Tribal environmental governance in the Cherokee Nation today is characterized by a complex interplay among community, bureaucracy, and knowledge. The Cherokee Nation is one of the largest American Indian nations by population, and possesses a tripartite government that has operated free of federal oversight since 1971. Although the government has its roots in the historic 1827 Cherokee constitution that in many ways successfully melded "traditional" forms of governance with a state structure, the Cherokee Nation is struggling to reconcile its modern governance structure with the numerous cohesive communities that make up the tribal nation's cultural base. This situation is acutely illustrated in current tribal environmental projects. Despite the Cherokee Nation's sophisticated environmental programs that have been functioning under tribal control since the 1990s, only recently have initiatives attempted to fill the "culture gap" that exists between tribal environmental policy and Cherokee environmental knowledge and practices.

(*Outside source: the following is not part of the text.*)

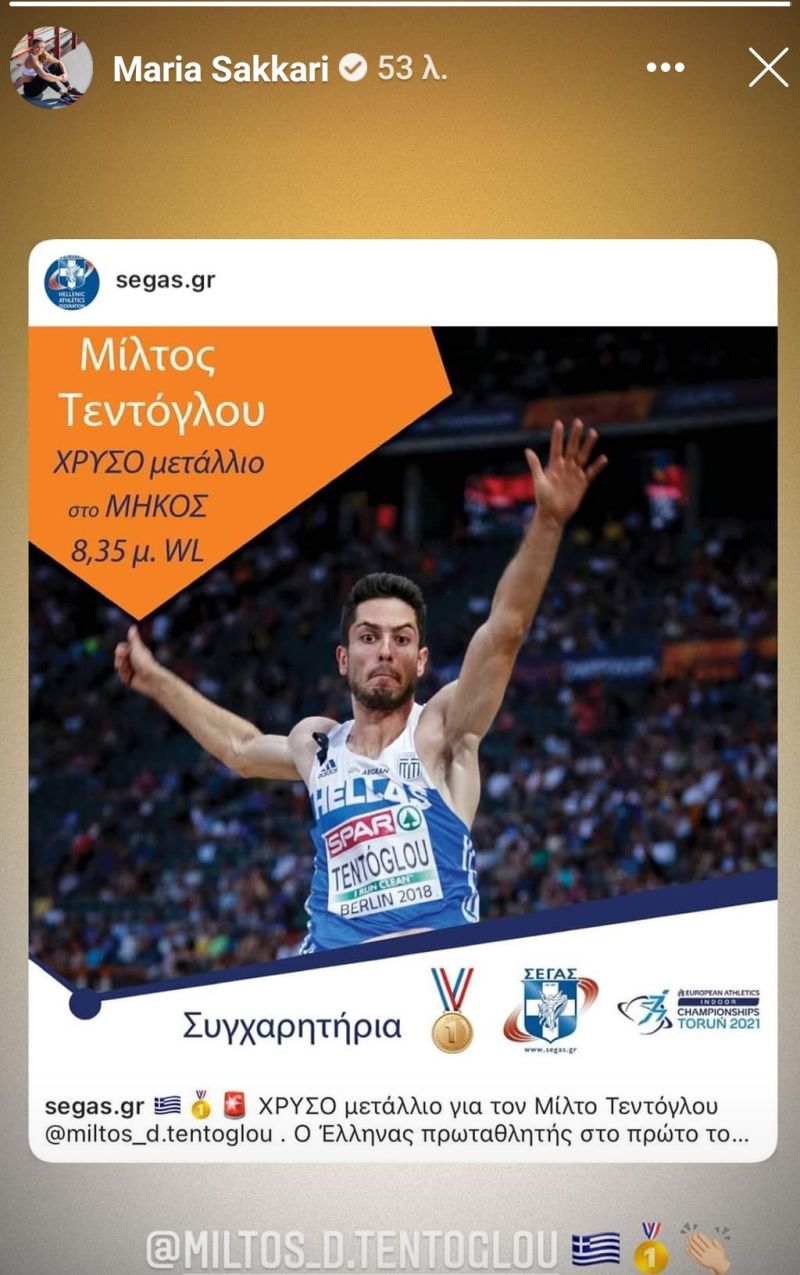 Με stories στα social media η Μαρία Σάκκαρη συνεχάρη τον Μίλτο Τεντόγλου για την κατάκτηση του χρυσού μετάλλιου στο μήκος στο Ευρωπαϊκό πρωτάθλημα κλειστού στίβου του Τόρουν.
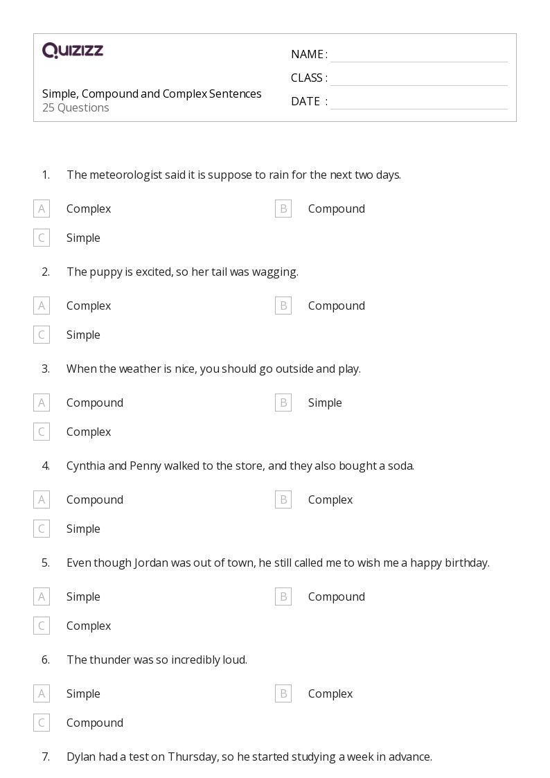 50+ Simple, Compound, and Complex Sentences worksheets for 7th Class on Quizizz Free & Printable

This dissertation addresses these issues through the study of one such initiative. Using ethnographic methods, I follow a tribally-funded ethnobotany project that began in 2004 and has developed into a unique and productive collaboration between a group of Cherokee elders, a Cherokee community non-profit organization, and the Cherokee Nation Natural Resources Department. The formation of this group represents a significant connection between government and community, especially because of its focus on knowledge that is deemed sacred and rarely discussed openly. The conditions of the first group meeting - held outdoors, around a fire at a secluded and wooded meeting space (as opposed to a stark conference room at the tribal complex) - speak to its success as an ongoing initiative, and illuminate changing perspectives on knowledge and authority within the tribal government. I propose that these changing perspectives are brought about through a persistent but fluctuating balancing act between Cherokee communities and their formal, centralized governance structures.

Whereas Cherokee society resists centralization, it nonetheless relies on a central government to present a representative body that can confront external political pressures. In tracing Cherokee political history, along with environmental histories of resource politics and Cherokee ecological knowledge, I arrive at conclusions about tribal bureaucracy, state formation, and the epistemological and political issues of incorporating traditional knowledge into tribal environmental programs. I assert that tribal environmental policy is enhanced when it is approached through sincere collaborative cultural projects like the ethnobotany initiative discussed above. Furthermore, while I acknowledge the problems with imposed forms of political organization in tribal communities, I argue that Cherokee (and, by extension, indigenous) engagement with dominant political structures can articulate new forms that offer the possibility of undermining the forces of colonialism while speaking its language - making use of state structures like bureaucracy, constitutional governments, and environmental policy, while nurturing community, cultural protocol, and traditional knowledge. These new articulations have the potential to transform how we think about global politics, and to offer different standards of governance that are not based in the philosophies of imperial states or centered on imperial control.